Russia has never been my favorite setting to read about in a novel. I’ve never been that drawn to it, for whatever reason, perhaps because it seems so complex and foreign. When I read some of the classics by Dostoyevsky and Tolstoy, the details of Russian culture, like the long, multi-part character names, always felt like something to be deciphered to get through the story. But then I read this book and inadvertently came away from it with a better understanding of Russian history. My interest was piqued and I found myself searching for books with a Russian setting. One of the first, more current novels I found was Enchantments by Kathryn Harrison.
Enchantments takes place at the end of Imperialist Russia, right as the Tsar is overthrown by the Bolsheviks. The narrator is Masha, the teenage daughter of Rasputin, who is taken in by the royal family after her father is murdered. The Tsarina hopes that Masha will show signs of her father’s mystical powers and heal Prince Alyosha, the hemophiliac only son of the Tsar. Although Masha is not a mystic, she and Alyosha develop a close friendship as they are forced into increasing levels of captivity. To pass the time, Masha tells Alyosha stories, both about his family’s history and hers. It’s unclear to the reader, and possibly unclear to the characters themselves, how much and which parts of these stories are true.

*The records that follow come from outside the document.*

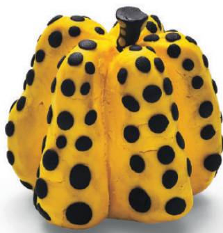
Kusama Yayoi, Pumpkin Cake © Photo: Yayoi Kusama
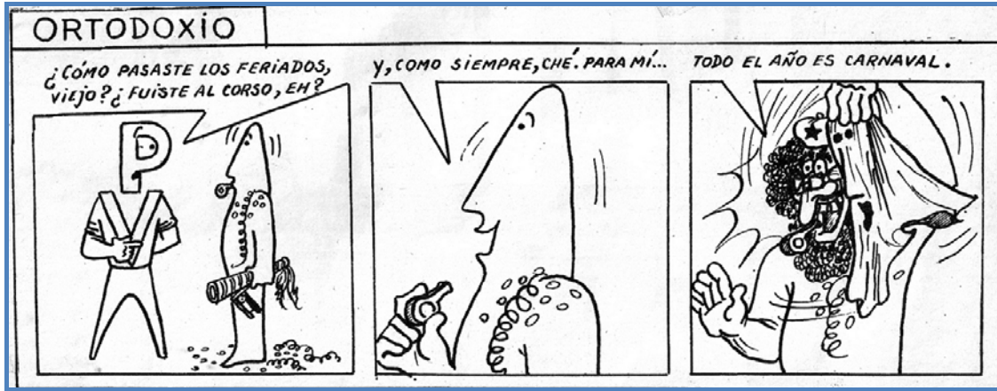
Illustration 10 EC, N°17, 8 marzo de 1974, p. 23.

8, 1974, after the Corsican holidays, Tendencio removed his hood as he said: ‘For me, the whole year is Carnival.’ Below, he appeared with a beard, long hair, sunglasses, wearing a starred beret. [Figure 10].
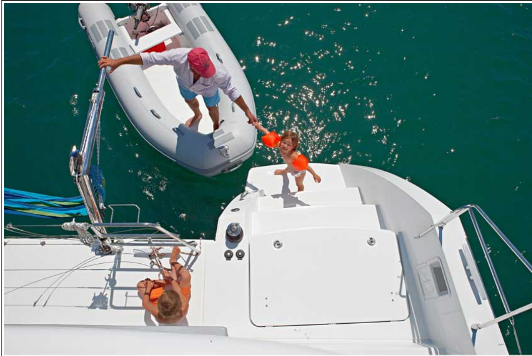
Lagoon 450

I liked the meandering narrative style of the novel. Masha flashes back to a memory, then interjects a story, then makes reference to something in the future, foreshadowing events that will have happened by the end of the novel. This back and forth helped reinforce the sense of a blurred line between fact and fantasy created by Masha’s stories. That blurriness reminded me of the novel The Tiger’s Wife, although somewhat less engrossing. The Tiger’s Wife maintained a steadier narrative thread throughout both the narrator’s story and the fantastical story-within-a-story that kept me wanting to see what happened next. In Enchantments, Masha’s stories and reminiscences are broken into more discrete blocks and feel a bit static. Though the novel unfolds in a unique way, I didn’t feel any sense of character growth by the time I reached the end. Not a bad read overall, but not one that I’d highly recommend, either. My search for some good, Russian-centric fiction continues.